Process Behavior Charts As Report Cards

The first of six uses

Published: Monday, June 6, 2016 - 12:56

The simple process behavior chart can be used in many different ways. Since report card data are common in all types of businesses, the report card chart is often the first chart that people create. Some of the pros and cons of report card charts are covered here.

Report card data are data that have been created to track various aspects of a business or operation. They may be measures of activity (commonly expressed in dollars or volumes). Or they may be measures of satisfaction, of quality, of inactivity (such as wait times), or measures of performance compared to a standard or budget. In each case they attempt to summarize some aspect of an operation over the past time period in a single number. Thus, the essence of every report card number is to aggregate and summarize so as to provide the big picture.

As an example of a report card chart I will use an example from my mentor, Professor David S. Chambers, who was working with a medium-sized hosiery mill. The mill employed about 1,500 workers and it had a reputation as a quality mill based on careful 100-percent inspection that graded the output as First, Irregulars, Seconds, and Rags.

In spite of this reputation the mill faced a real problem. Workers were paid by the piece, and each worker had to process a certain number of pieces per week in order to earn mini­mum wage. If a worker’s output did not exceed that number, the company had to make up the difference. With a pending increase for minimum wage, the mill managers realized that it would be nearly impossible to operate with the current equipment and technology without paying substantial “make up” wages each week. Some way had to be found to increase income in spite of a soft market and stiff competition.

The obvious solution was to change the mix of Firsts, Irregulars, Seconds, and Rags. By making more Firsts, and less of the other grades, revenues could be increased without in­creasing the costs. Operators would also benefit since they were docked two good pieces for each bad piece found at final inspection.

After consultation with Chambers, the mill president decided to send 20 of his supervisors to a statistical process control (SPC) class at the university. After the course, Chambers sat down with the supervisors and helped them plan how to use SPC at the mill. Due to the nature of the work and supervisor enthusiasm, they decided to begin with the looping department and its staff of 30 loopers.

During the looping process, the toe in knitted hosiery is closed. It is a tedious operation, requiring an operator to thread the toe of the stocking onto a comb-like device called the looper dial. Exactly one thread from each side of the stocking is placed into each gap between the teeth of the looper dial. A missed gap will create a hole in the finished stocking, and placing two threads from the same side in one gap creates a pucker. After the stocking is threaded onto the dial, the end is trimmed. If trimmed too long, the seam will bulk, and the stocking would be downgraded. If trimmed too short, the stocking will fall off the dial, and the operator would have to start all over again. Since the loopers were paid by the piece, they considered this to be “bad form.” After being trimmed, the toe of the stocking is stitched by the looping machine, and the finished stocking is placed in the looper’s production box.

To collect some data on the looping operation, an inspector was brought into the looping department from the boxing room. She was there to inspect four consecutively looped stockings from each operator four times each day; that was 16 pieces obtained from each operator each day. The inspector was given a randomized order for visiting the operators each day to prevent them from “loading” the output box. The inspector recorded the type and number of defects found, by operator, and the records were kept on a historical basis during the months of June and July.

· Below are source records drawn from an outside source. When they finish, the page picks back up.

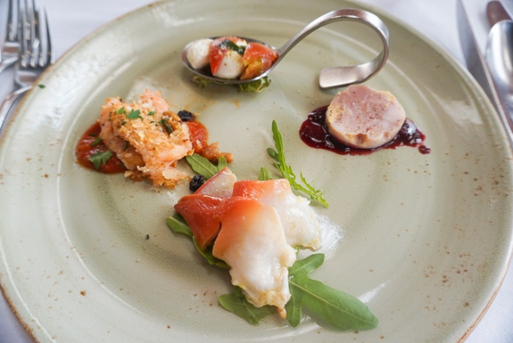 前菜は、ほっき貝と広川農園産根菜のマリネ、フルーツトマトとボッコンチーニのカプレーゼ、阿部鶏とフォアグラのテリーヌ ミックスベリーのソース、サーモンのパレルモ風 パン粉焼き。
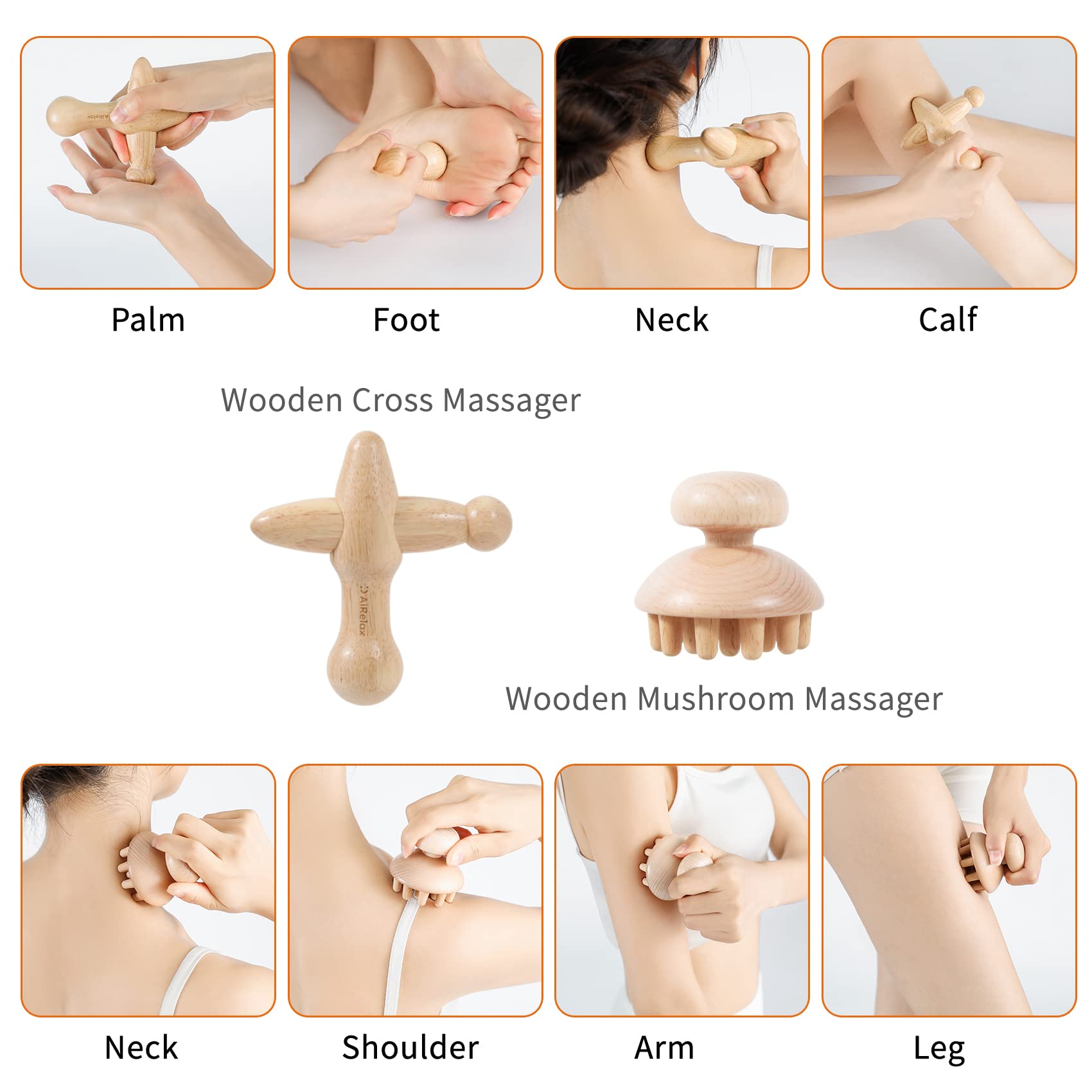 - 【7 In 1 Wood Therapy Massage Tools Kit】Airelax's maderoterapia kit includes 1*Wooden Muscle Massage Roller Stick,1*Wooden Cube Muscle Massage Roller Stick,1*Wooden Massage Cup,1*Wooden Body Gua Sha Tool,1*Wooden Back Massage Roller Rope,1*Wooden Mushroom Massager,1*Wooden Cross Massager,1*User Manual,1*Cotton Drawstring Travel Bag.
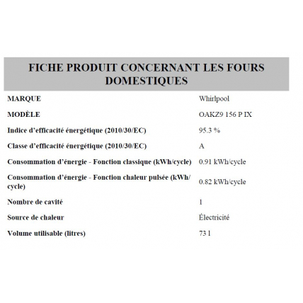 Four pyrolyse WHIRLPOOL OAKZ 9156 P : Caractéristiques techniques
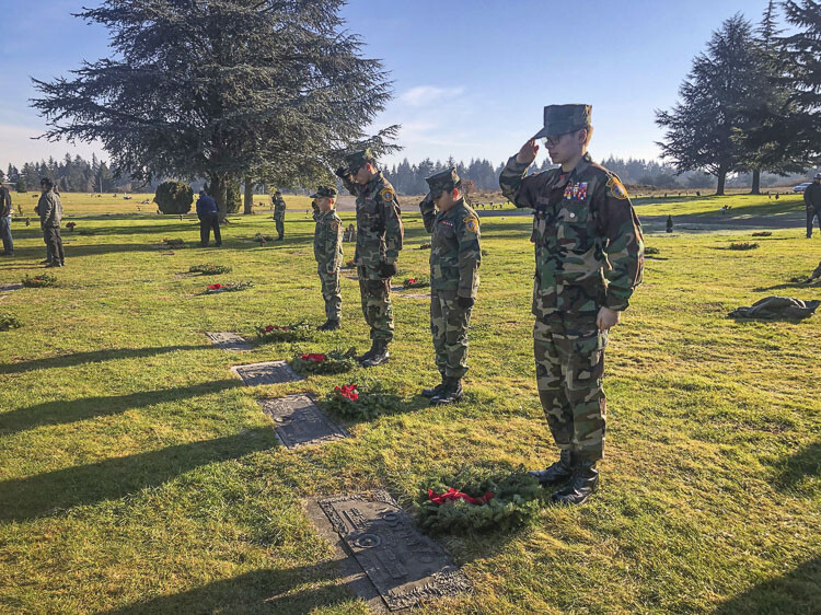 The Lewis and Clark Young Marines were asked to say the veteran’s name while placing the wreath, followed by a slow salute.

During June and July no conscious effort was made to improve the process. The objective was merely to measure the quality of the looping work. Individual records were combined into a departmental record for each day of the two-month period. The departmental average amount of defective work was 4.8 percent for those two months. Chambers created a p-chart for the looping department (shown in figure 1) with limits based on the average number of pieces examined each day.


Figure 1: p-chart for the looping department during June and July

The p-chart in figure 1 shows a fair degree of predictability with only two points outside the limits. The first point outside the limits was expected since there had never been an inspector located in the department. The presence of a person taking work from a machine, and inspecting it on the spot, was very upsetting to the loopers. When the inspector showed up on the second day the loopers were in such an uproar that it was necessary for the supervisor to tell them that the company was cooperating with Professor Chambers in gathering some “real” data for class use and that their jobs were not threatened. This explanation seemed to reassure them.

The second out-of-limits point had a different cause. It was the custom in the hosiery industry to shut down for a weeklong holiday around the Fourth of July. The second point outside the limits occurred on the Monday following this mid-summer holiday.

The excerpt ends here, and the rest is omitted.